> What you need to do: Nothing but the lines below from the one with "Two old ranch" through the one with "- If every sensor" should be output, each exactly as given, and no pictures.

> Records from a data source:
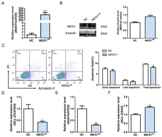 It is well known that sow follicular atresia is trigged by GC apoptosis. We, therefore, examined the role of MEIS1 in the apoptosis of porcine GCs. The expression of MEIS1 in porcine GCs cultured in vitro was significantly over-expressed after transfection with the constructed plasmid pcDNA3.1-MEIS1 (Figure 3A,B). Flow cytometry revealed that overexpression of MEIS1 significantly decreased the total apoptosis rate of GCs, not the early and late apoptosis (Figure 3C). In addition, apoptosis-related genes BCL-2 (Figure 3D) and BAX (Figure 3E) mRNA levels were significantly decreased, and the BCL-2/BAX ratio (Figure 3F) was significantly increased in GCs transfected with pcDNA3.1-MEIS1 compared with the control group. Taken together, these observations above indicate that transcription factor MEIS1 inhibits porcine GC apoptosis.
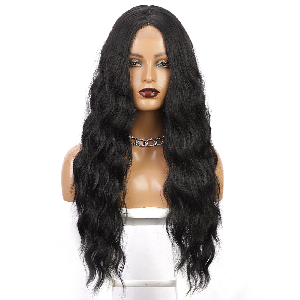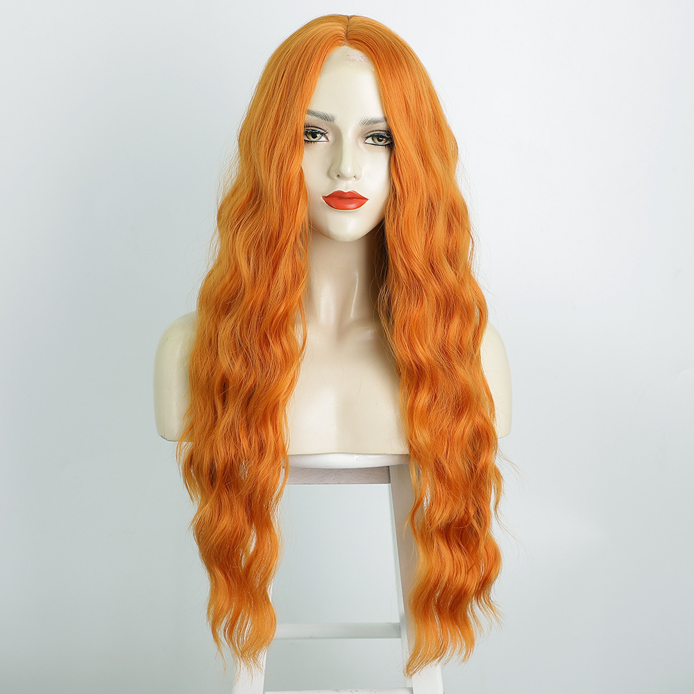 Peruklar Kadın Ön Dantel Ortadan Ayrılan Küçük Dantel Turuncu Renk Uzun Kıvırcık Saç Sentetik Peruklar
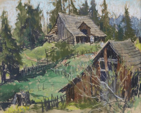 Two old ranch barns; Noyo (a harbor scene) (Group of 2)
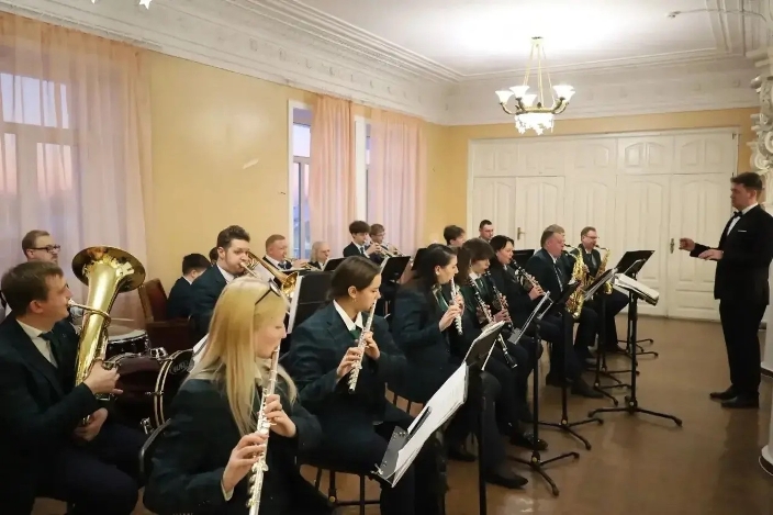 Зал наполнился атмосферой прошлого столетия: дамы блистали в элегантных бальных платьях XIX века, кавалеры появились во фраках и цилиндрах, а живая музыка оркестра наполнила пространство полонезами, вальсами и торжественными маршами.
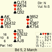 | Con | Dc | Res | Score | Ld | Pairs | Rd | Tbl | | 3 NT | N | +1 | 430 | 3 | 05 - 06 | 11 | 5 |
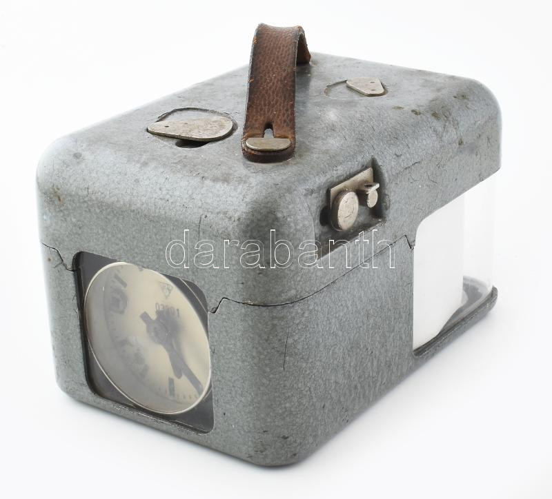 Pragotron galambász versenyóra. cca 1960, fémházas, órás által ellenőrizve, működik, 20x12x13 cm /// "Versenyek alkalmával a galambok kis gyűrűit apró kapszulákban a kulcs elfordításakor időpecséttel a tárolóba helyezve az érkezési sorrend később hitelesen ellenőrizhető."
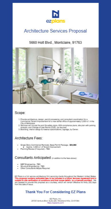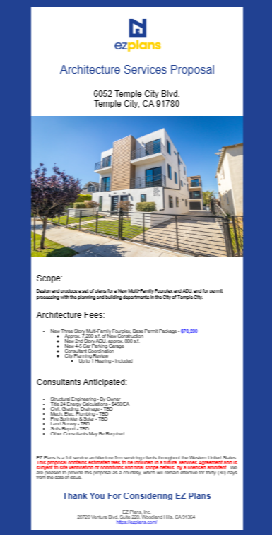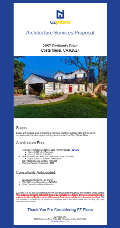 ArchiTech’s innovative pricing configurator enabled EZ Plans to establish and clearly outline its base pricing across all project types. The configurator allows for incremental fee adjustments based on critical factors such as square footage, project amenities, and additional services. Once the configurator is fully populated, it facilitates the auto-generation of proposals with just a click, significantly reducing time and operational costs. The tool has also enhanced EZ Plans' ability to convey and showcase its comprehensive range of services, which include design and permit processing, interior finishes, landscape services, contractor bidding, and construction administration.
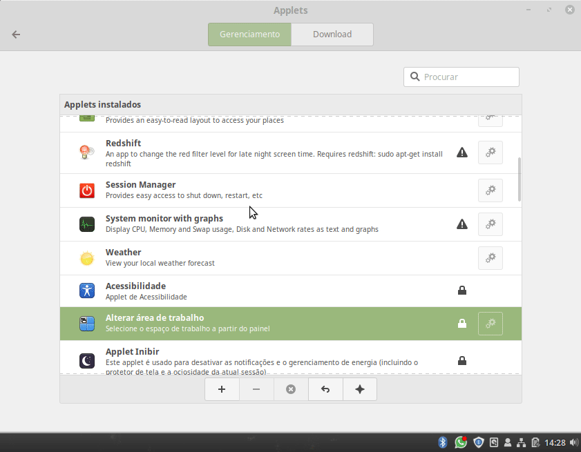 Repare na imagem abaixo que na aba Downloads você poderá baixar novos applets e na aba Gerenciamento você poderá adicioná-los à sua barra de tarefas e configurá-los.
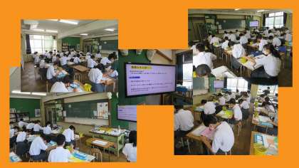 美術室では、一点透視図法を用いて、自分の理想の部屋を作成していました。作業の進捗状況は人により大きく異なっていますが、丁寧に丁寧に作業を進めていました。細かなところに絵の具を入れる際、息をひそめて静かにゆっくりと作業を進めてくれていました。
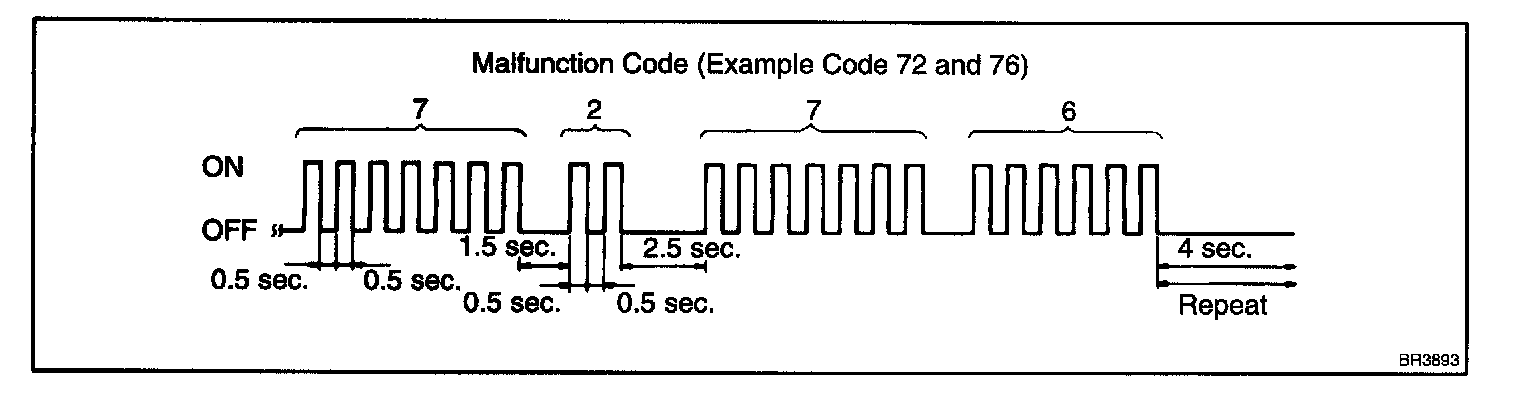 - If every sensor is normal, the normal code is output (A cycle of 0.25 seconds ON and 0.25 seconds OFF is repeated).
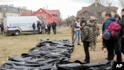 Российских военных обвиняют в убийстве мирных жителей в киевском пригороде Буча и в неоднократных атаках на гражданскую инфраструктуру, включая больницы и театр в Мариуполе, который использовался сотнями мирных жителей в качестве убежища.
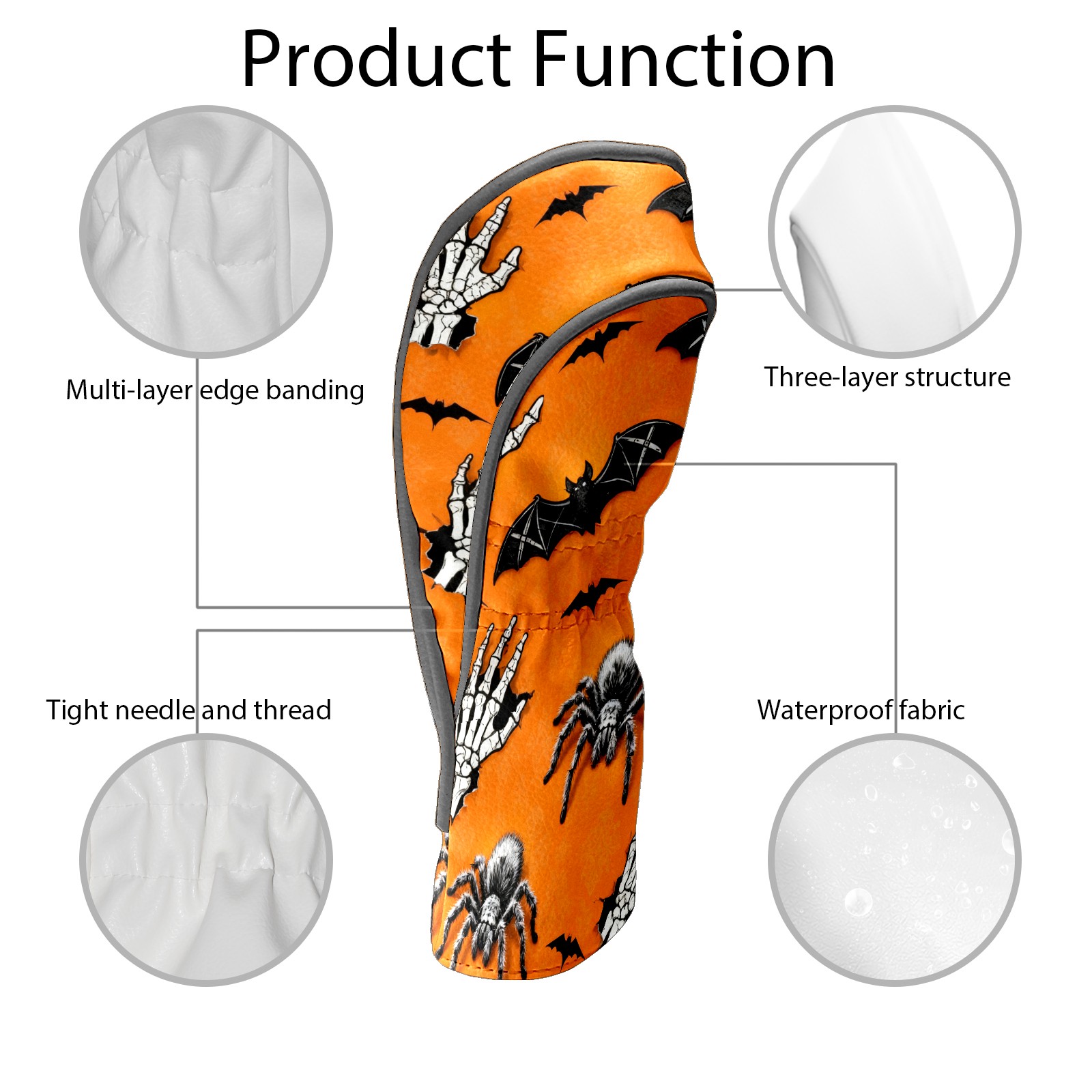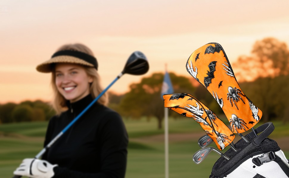 Golf Club Covers PU Leather Waterproof Golf Club Head Covers for Fairway Woods and Hybrids Skeleton Bat Unisex Suitable for Most Brands
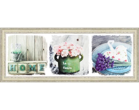 Zarámovaný obraz v provence štýle tlačený na tapete rozžiari Váš interiér. Vyzdobte si miestnosť aj ďalšími motívmi.

> Answer:
 Two old ranch barns; Noyo (a harbor scene) (Group of 2)
 Зал наполнился атмосферой прошлого столетия: дамы блистали в элегантных бальных платьях XIX века, кавалеры появились во фраках и цилиндрах, а живая музыка оркестра наполнила пространство полонезами, вальсами и торжественными маршами.
 | Con | Dc | Res | Score | Ld | Pairs | Rd | Tbl | | 3 NT | N | +1 | 430 | 3 | 05 - 06 | 11 | 5 |
 Pragotron galambász versenyóra. cca 1960, fémházas, órás által ellenőrizve, működik, 20x12x13 cm /// "Versenyek alkalmával a galambok kis gyűrűit apró kapszulákban a kulcs elfordításakor időpecséttel a tárolóba helyezve az érkezési sorrend később hitelesen ellenőrizhető."
 ArchiTech’s innovative pricing configurator enabled EZ Plans to establish and clearly outline its base pricing across all project types. The configurator allows for incremental fee adjustments based on critical factors such as square footage, project amenities, and additional services. Once the configurator is fully populated, it facilitates the auto-generation of proposals with just a click, significantly reducing time and operational costs. The tool has also enhanced EZ Plans' ability to convey and showcase its comprehensive range of services, which include design and permit processing, interior finishes, landscape services, contractor bidding, and construction administration.
 Repare na imagem abaixo que na aba Downloads você poderá baixar novos applets e na aba Gerenciamento você poderá adicioná-los à sua barra de tarefas e configurá-los.
 美術室では、一点透視図法を用いて、自分の理想の部屋を作成していました。作業の進捗状況は人により大きく異なっていますが、丁寧に丁寧に作業を進めていました。細かなところに絵の具を入れる際、息をひそめて静かにゆっくりと作業を進めてくれていました。
 - If every sensor is normal, the normal code is output (A cycle of 0.25 seconds ON and 0.25 seconds OFF is repeated).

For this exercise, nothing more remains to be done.